Action item ::
Copy exactly the lines of the records below, and only those lines, beginning with the line that contains "ଖାଦ୍ୟ ଆୟୋଗ ସଦସ୍ୟ ଅଙ୍ଗଣଘାଟି" and ending with the line that contains "୧, ୨ ଅଙ୍ଗଣଘାଟି".

Source data ::
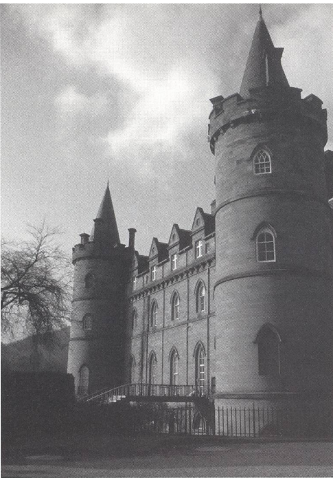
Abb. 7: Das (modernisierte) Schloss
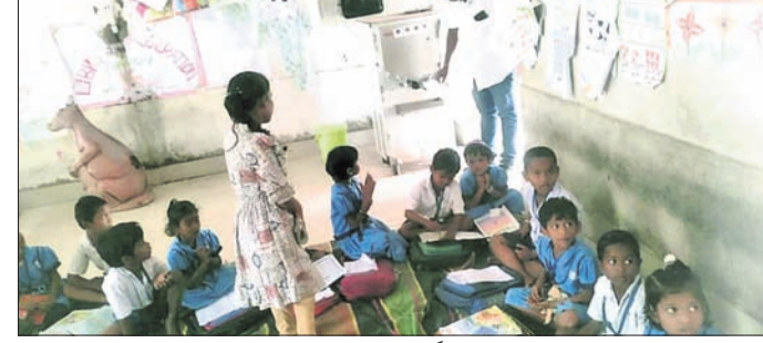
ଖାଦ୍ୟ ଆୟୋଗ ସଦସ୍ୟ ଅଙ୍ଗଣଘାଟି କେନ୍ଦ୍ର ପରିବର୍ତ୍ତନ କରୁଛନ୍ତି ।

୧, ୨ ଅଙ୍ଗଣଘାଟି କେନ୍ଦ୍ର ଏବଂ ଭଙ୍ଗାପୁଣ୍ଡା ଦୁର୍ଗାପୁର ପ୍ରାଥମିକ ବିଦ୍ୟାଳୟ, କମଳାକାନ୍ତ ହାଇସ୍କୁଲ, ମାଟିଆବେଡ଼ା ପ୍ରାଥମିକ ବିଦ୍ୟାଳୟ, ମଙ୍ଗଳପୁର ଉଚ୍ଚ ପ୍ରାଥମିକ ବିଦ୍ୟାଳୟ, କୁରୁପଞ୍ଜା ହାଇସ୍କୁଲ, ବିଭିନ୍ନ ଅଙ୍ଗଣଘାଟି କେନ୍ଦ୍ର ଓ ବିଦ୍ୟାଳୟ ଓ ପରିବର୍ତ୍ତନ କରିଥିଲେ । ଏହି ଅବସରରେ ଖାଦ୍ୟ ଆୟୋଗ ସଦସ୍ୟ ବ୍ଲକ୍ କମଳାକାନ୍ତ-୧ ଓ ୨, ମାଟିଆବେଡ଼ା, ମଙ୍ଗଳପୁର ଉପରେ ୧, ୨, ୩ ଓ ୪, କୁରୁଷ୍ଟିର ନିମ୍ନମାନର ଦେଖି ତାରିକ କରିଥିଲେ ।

...

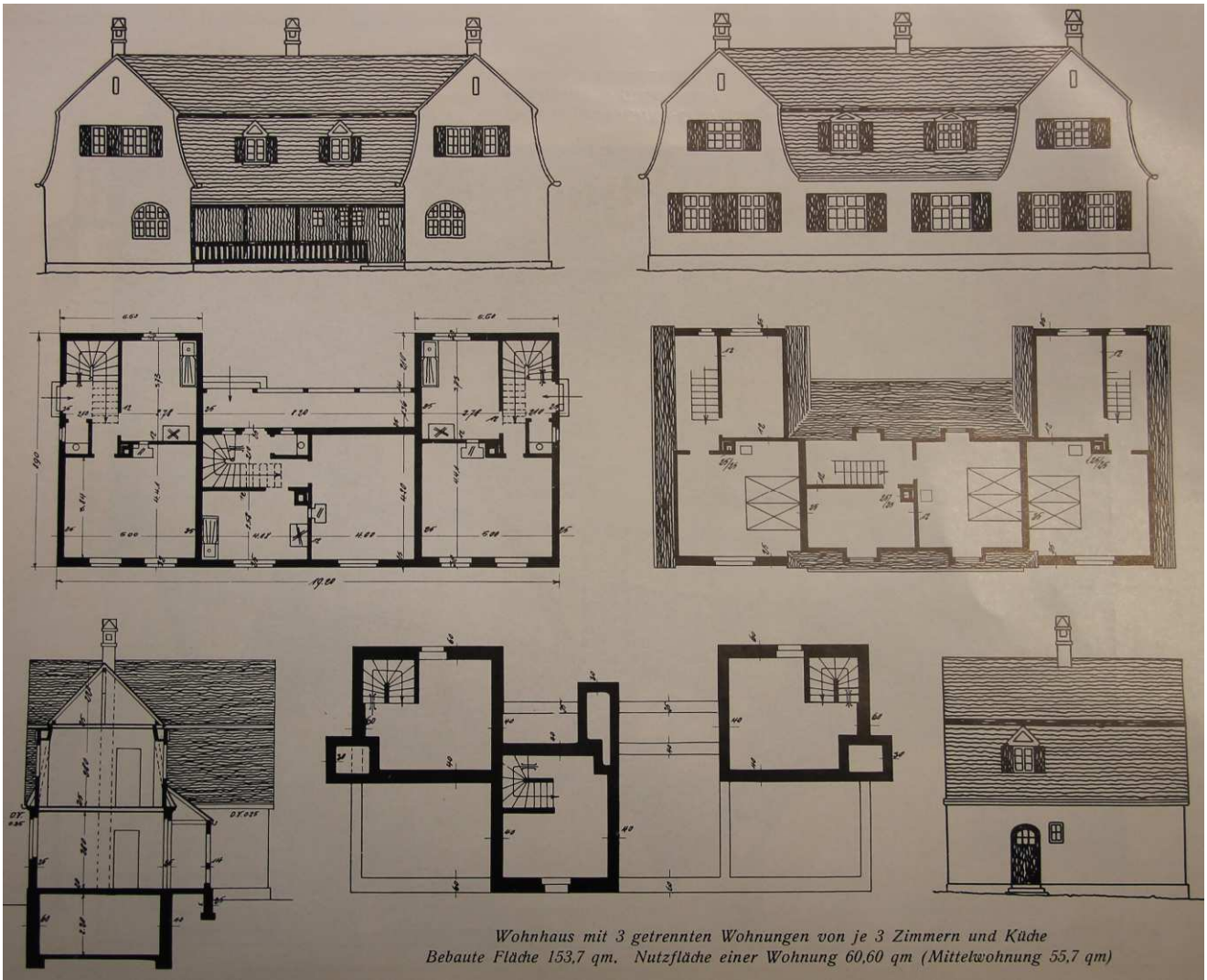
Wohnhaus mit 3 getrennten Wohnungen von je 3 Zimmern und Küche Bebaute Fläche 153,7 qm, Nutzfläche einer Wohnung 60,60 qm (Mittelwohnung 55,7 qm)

---

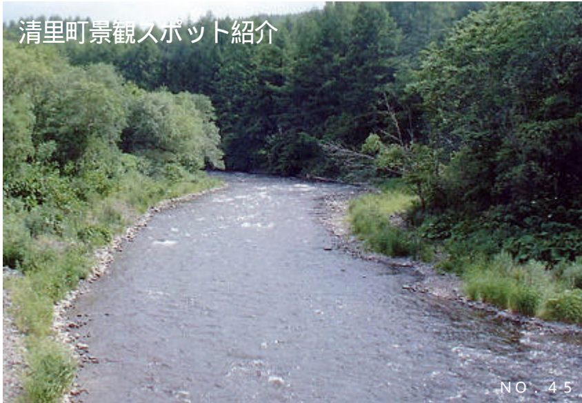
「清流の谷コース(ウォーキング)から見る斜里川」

Worked solution ::
ଖାଦ୍ୟ ଆୟୋଗ ସଦସ୍ୟ ଅଙ୍ଗଣଘାଟି କେନ୍ଦ୍ର ପରିବର୍ତ୍ତନ କରୁଛନ୍ତି ।

୧, ୨ ଅଙ୍ଗଣଘାଟି କେନ୍ଦ୍ର ଏବଂ ଭଙ୍ଗାପୁଣ୍ଡା ଦୁର୍ଗାପୁର ପ୍ରାଥମିକ ବିଦ୍ୟାଳୟ, କମଳାକାନ୍ତ ହାଇସ୍କୁଲ, ମାଟିଆବେଡ଼ା ପ୍ରାଥମିକ ବିଦ୍ୟାଳୟ, ମଙ୍ଗଳପୁର ଉଚ୍ଚ ପ୍ରାଥମିକ ବିଦ୍ୟାଳୟ, କୁରୁପଞ୍ଜା ହାଇସ୍କୁଲ, ବିଭିନ୍ନ ଅଙ୍ଗଣଘାଟି କେନ୍ଦ୍ର ଓ ବିଦ୍ୟାଳୟ ଓ ପରିବର୍ତ୍ତନ କରିଥିଲେ । ଏହି ଅବସରରେ ଖାଦ୍ୟ ଆୟୋଗ ସଦସ୍ୟ ବ୍ଲକ୍ କମଳାକାନ୍ତ-୧ ଓ ୨, ମାଟିଆବେଡ଼ା, ମଙ୍ଗଳପୁର ଉପରେ ୧, ୨, ୩ ଓ ୪, କୁରୁଷ୍ଟିର ନିମ୍ନମାନର ଦେଖି ତାରିକ କରିଥିଲେ ।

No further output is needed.